Density of Quasi-localized Modes in Glasses: where are the Two-Level Systems?

TL;DR

This study investigates the nature of quasi-localized modes in glasses and questions whether two-level systems are necessary to explain the universal density of states observed at ultra-low temperatures.

Contribution

It identifies two distinct types of quasi-localized modes with different frequency dependencies and analyzes the glass energy landscape to explain their origins, challenging the role of two-level systems.

Findings

Two types of QLMs with different density of states identified

The properties of the energy landscape explain the creation of these modes

TLS may not be necessary for the universal density of QLMs

Abstract

The existence of a constant density of two-level systems (TLS) was proposed as the basis of some intriguing universal aspects of glasses at ultra-low temperatures.
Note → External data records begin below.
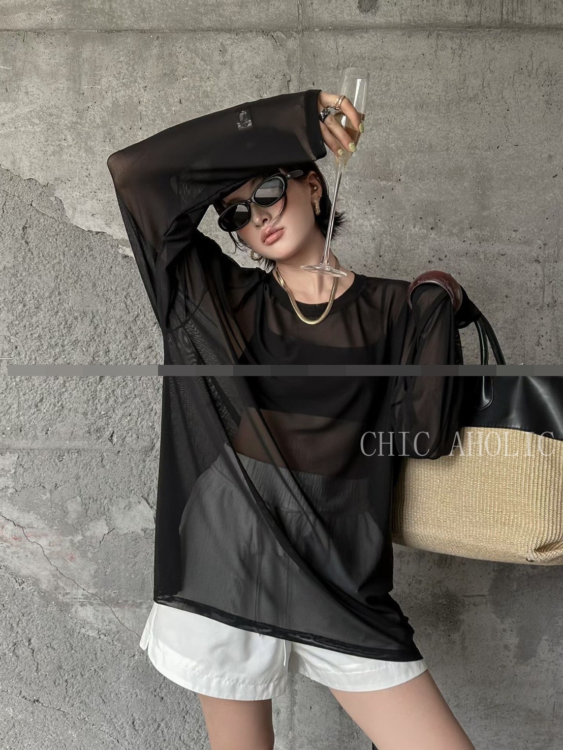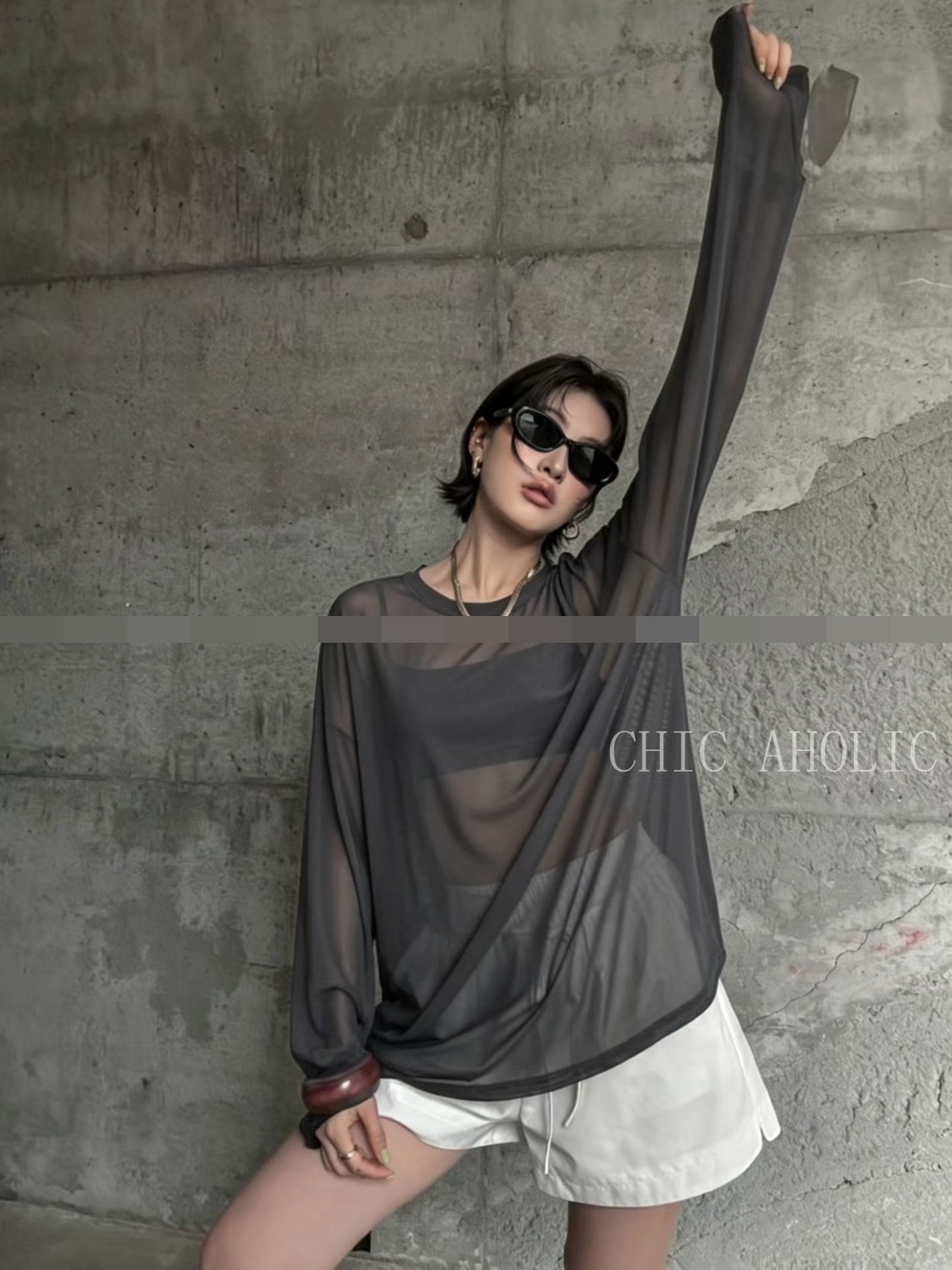 MY56無扣透肌翻領上衣
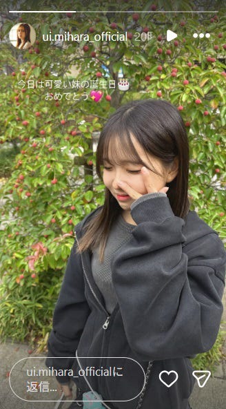 三原羽衣Instagramストーリーズより
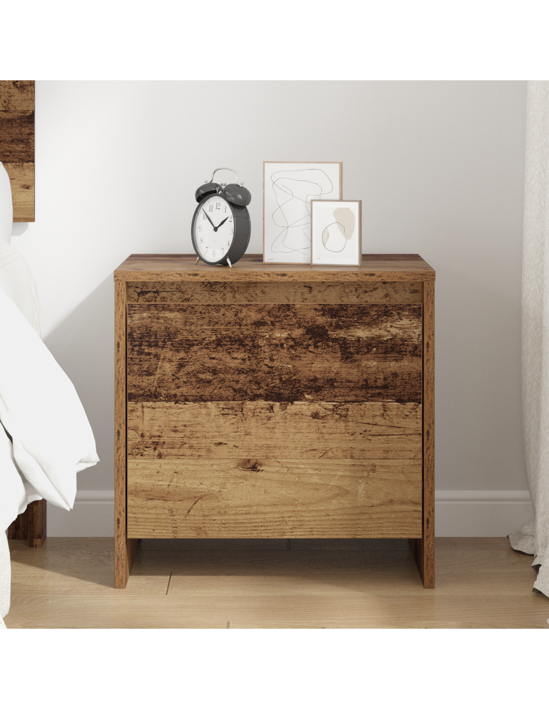 Questo comodino rustico con ripostiglio mostra un design moderno grazie alla sua eleganza semplice e alla versatilità. La sua forma rettangolare e compatta lo fa sembrare un pezzo chic ed efficiente, che si adatta a qualsiasi disposizione della camera da letto. Realizzato in legno ingegnerizzato, ha un bell'aspetto e massimizza lo spazio senza rinunciare allo stile. Perfetto per lampade, sveglie o oggetti personali, si integra facilmente nella decorazione della stanza e offre un prezioso spazio di archiviazione grazie al suo design efficace.

Here we ask whether their existence is necessary for explaining the universal density of states quasi-localized modes (QLM) in glasses at ultra-low temperatures. A careful examination of the QLM that exist in a generic atomistic model of a glass former reveals at least two types of them, each exhibiting a different density of states, one depending on the frequency as $\omega^3$ and the other as $\omega^4$. The properties of the glassy energy landscape that is responsible for the two types of modes is examined here, explaining the analytic feature responsible for the creations of (at least) two families of QLM's. Although adjacent wells certainly exist in the complex energy landscape of glasses, doubt is cast on the relevance of TLS for the universal density of QLM's.